* Problem to work on
Reproduce the lines below exactly. Skip images.

*** Available data

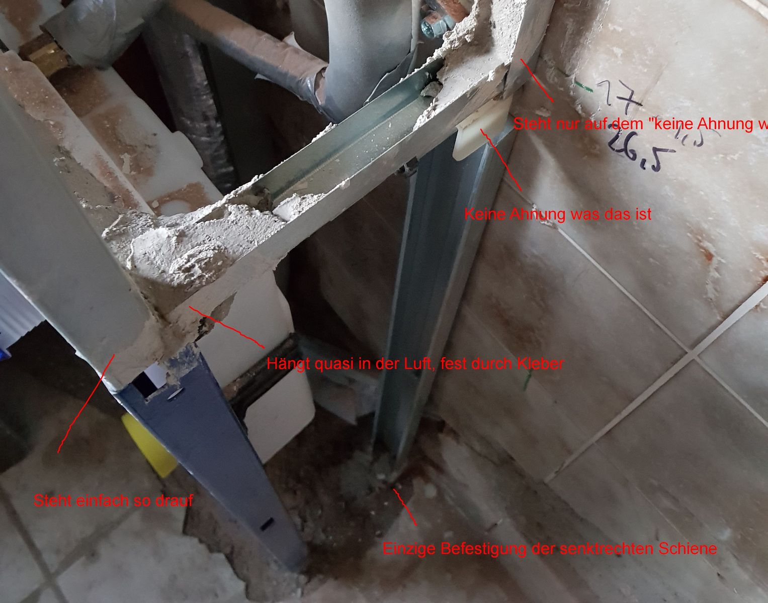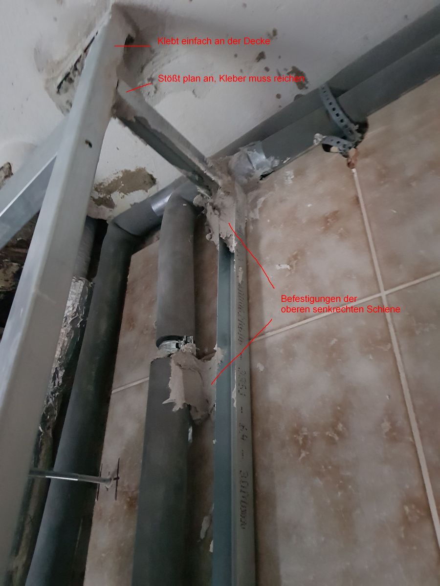 • Bei den Fotos einfach auf die Ecken achten. Die ganzen Schienen sind nicht mit Schrauben fest, sondern gegenseitig an den Stößen mit Fliesenkleber verklebt. Unten auf dem blauen Geberit-Gestell liegen und stehen die auch nur drauf, eben auch mit Kleber fest. Und oben schaut es so aus ;)
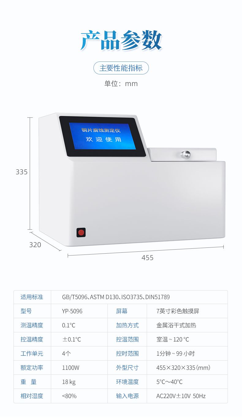 YP-5096石油產(chǎn)品銅片腐蝕試驗(yàn)器采用先進(jìn)的32位MCU,7英寸大屏幕液晶顯示,具有測溫精度高、升溫迅速、穩(wěn)定可靠、操作簡便、易于維護(hù)的優(yōu)點(diǎn)。本機(jī)適用于變壓器廠、供電部門、煉油廠、鐵路、航運(yùn)、貯油站及商業(yè)部門對石油產(chǎn)品腐蝕性質(zhì)進(jìn)行監(jiān)測和控制,進(jìn)行快速分析的必要儀器。測量結(jié)果符合GB/T5096方法規(guī)范。
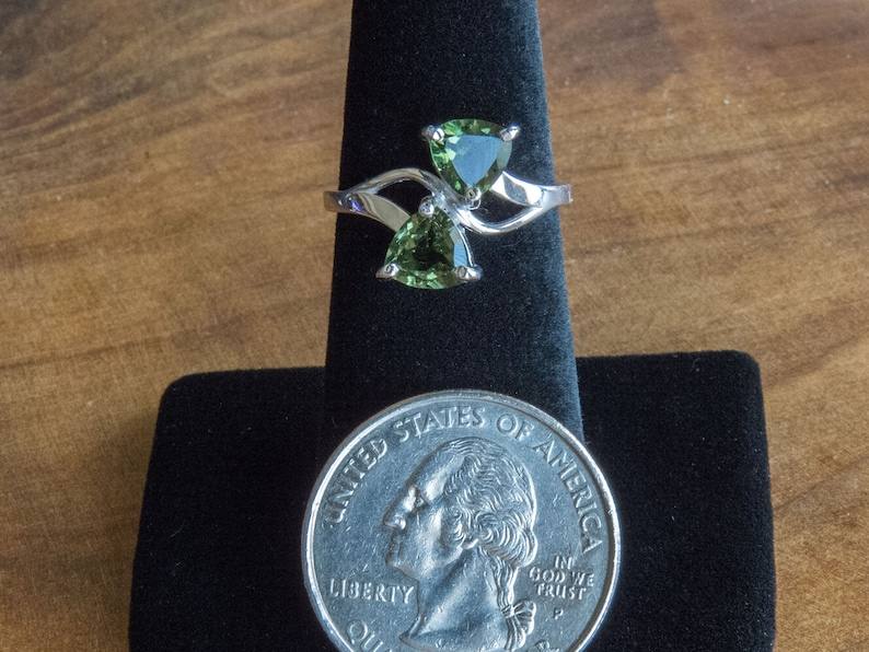 Faceted Moldavite Sterling Silver Bezel Setting Ring 2x6mm Trillion Cut Stones Museum Grade Meteorite Jewelry for Wedding Party

******

* Solution for this task
 • Bei den Fotos einfach auf die Ecken achten. Die ganzen Schienen sind nicht mit Schrauben fest, sondern gegenseitig an den Stößen mit Fliesenkleber verklebt. Unten auf dem blauen Geberit-Gestell liegen und stehen die auch nur drauf, eben auch mit Kleber fest. Und oben schaut es so aus ;)
 YP-5096石油產(chǎn)品銅片腐蝕試驗(yàn)器采用先進(jìn)的32位MCU,7英寸大屏幕液晶顯示,具有測溫精度高、升溫迅速、穩(wěn)定可靠、操作簡便、易于維護(hù)的優(yōu)點(diǎn)。本機(jī)適用于變壓器廠、供電部門、煉油廠、鐵路、航運(yùn)、貯油站及商業(yè)部門對石油產(chǎn)品腐蝕性質(zhì)進(jìn)行監(jiān)測和控制,進(jìn)行快速分析的必要儀器。測量結(jié)果符合GB/T5096方法規(guī)范。
 Faceted Moldavite Sterling Silver Bezel Setting Ring 2x6mm Trillion Cut Stones Museum Grade Meteorite Jewelry for Wedding Party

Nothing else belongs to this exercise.